Compress Blocks before sending #6973

ptschip commented at 1:33 PM on November 9, 2015: contributor

Compress Blocks before sending achieves an average of 21% block compression.

When blocks are almost full and at the highest Zlib setting,level 9, there is an average 22% block compression and takes 0.19 seconds to compress. At level 6 (which has been set as the default) there is 21% block compression but only takes 0.09 seconds. Decompression is very fast in all cases averaging only 0.008 seconds.

NOTE: all block data used to gather these numbers was from mainnet and compression was done using a 4 year old laptop with a Celeron processor. (Current i7 processors are 8 times more powerful)

laanwj added the label P2P on Nov 9, 2015

ptschip force-pushed on Nov 9, 2015

paveljanik commented at 1:47 PM on November 9, 2015: contributor

Do we want this as a default protocol feature? Isn't it better to make it optional and use it only if available/announced?

paveljanik commented at 1:48 PM on November 9, 2015: contributor

https://www.cvedetails.com/vulnerability-list/vendor_id-72/product_id-1820/GNU-Zlib.html

ptschip commented at 1:54 PM on November 9, 2015: contributor

You can turn it off by setting -compressionlevel=0 , and it is backwardly compatible with nodes that do not support compression

On 09/11/2015 5:48 AM, paveljanik wrote:

Do we want this as a default protocol feature? Isn't it better to make it optional and use it only if available/announced?

— Reply to this email directly or view it on GitHub #6973 (comment).

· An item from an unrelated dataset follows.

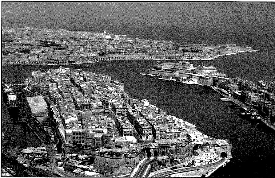
Dehra mill-ajru tal-belt ta' l-Isla.

Meta wiehed ikun fil-Barrakka ta' fuq, u jitfa' harstu għal fuq il-Port il-Kbir, mill-ewwel jaqghu taht ghajnejh, Sant'Anġlu u l-Isla, fil-faccata tiegħu. Fil-lemin tiegħu, tigi l-Isla bi promontorju jisporġi ruħu għal fuq il-baħar kenni, tal-Port il-Kbir. Dan il-promotorju, li fix-xewka tas-sur għandu gardjola mill-isbah, jifred il-baħar mieles f'żewġ dahliet li l-baħar jibqa' diehel sa ġewwanett għalkemm ma jdawwarx il-penisola kollha.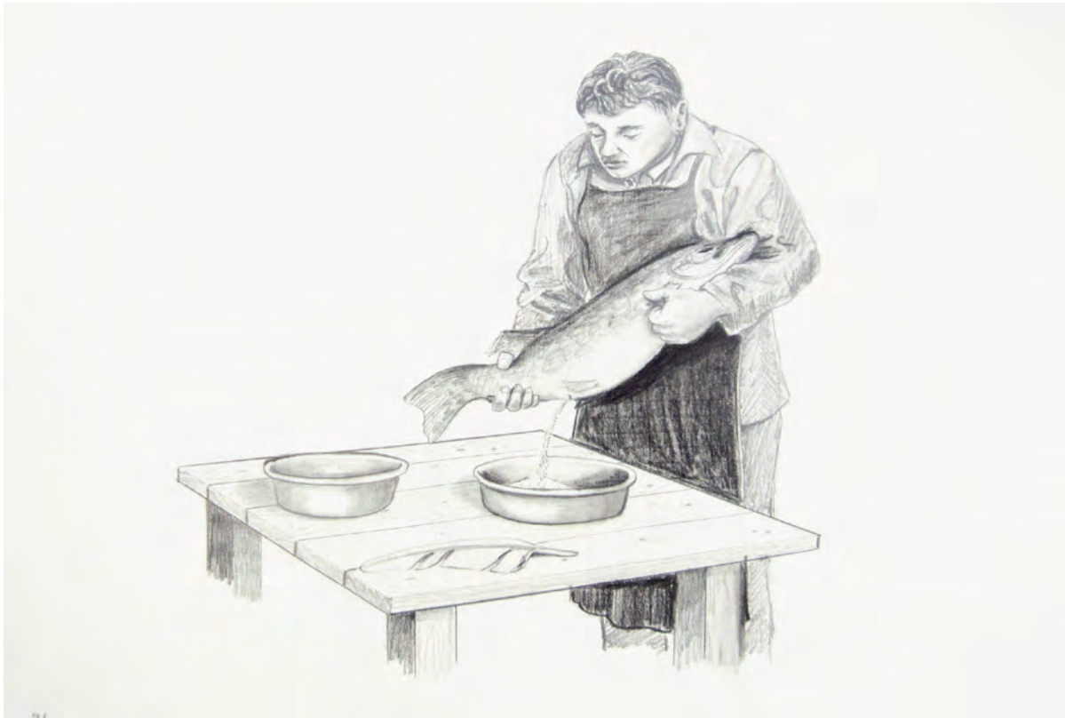
Abb. 8: Laich- gewinnung.

in src/main.cpp:None in 7be5ee57bf outdated

 210 | @@ -208,6 +211,7 @@ namespace {
 211 |      set<int> setDirtyFileInfo;
 212 |  } // anon namespace
 213 |  
 214 | +

paveljanik commented at 2:00 PM on November 9, 2015:

This hunk can be removed.

in src/main.cpp:None in 7be5ee57bf outdated

4935 | @@ -4868,6 +4936,7 @@ bool ProcessMessages(CNode* pfrom)
4936 |              continue;
4937 |          }
4938 |  
4939 | +

paveljanik commented at 2:00 PM on November 9, 2015:

This hunk can be removed.

in src/main.h:None in 7be5ee57bf outdated

  82 | @@ -83,6 +83,8 @@ static const unsigned int DATABASE_WRITE_INTERVAL = 60 * 60;
  83 |  static const unsigned int DATABASE_FLUSH_INTERVAL = 24 * 60 * 60;
  84 |  /** Maximum length of reject messages. */
  85 |  static const unsigned int MAX_REJECT_MESSAGE_LENGTH = 111;
  86 | +/** 0 = no compression , 9 = maximum compression. */

paveljanik commented at 2:00 PM on November 9, 2015:

Please remove space before comma.

jonasschnelli commented at 2:09 PM on November 9, 2015: contributor

Compression/decompression before/after transmitting data through the internet in general is a good idea. Very likely the CPU costs is tiny,.. but it would be nice to see a benchmark of a node serving compressed blocks for IBD to another node.

Two things which moves this PR towards NACK territory for me:

adding transmission compression should happen in a different, deeper layer and should be independent from the used p2p command
compression should be optional (version bits?)

Maybe apache's mod_deflate could be a point of inspiration.

ptschip force-pushed on Nov 9, 2015

jmcorgan commented at 2:46 PM on November 9, 2015: contributor

Agree this capability should be advertised so it only comes into effect between mutually supporting nodes; also, even as-is it should default to compression level 0 to allow the node operator to turn on if desired. Concept ACK, implementation NACK.

ptschip force-pushed on Nov 9, 2015

ptschip commented at 3:42 PM on November 9, 2015: contributor

On 09/11/2015 6:10 AM, Jonas Schnelli wrote:

Compression/decompression before/after transmitting data through the internet I general is a good idea. Very likely the CPU costs is tiny,.. but it would be nice to see a benchmark of a node serving compressed blocks for IBD to another node.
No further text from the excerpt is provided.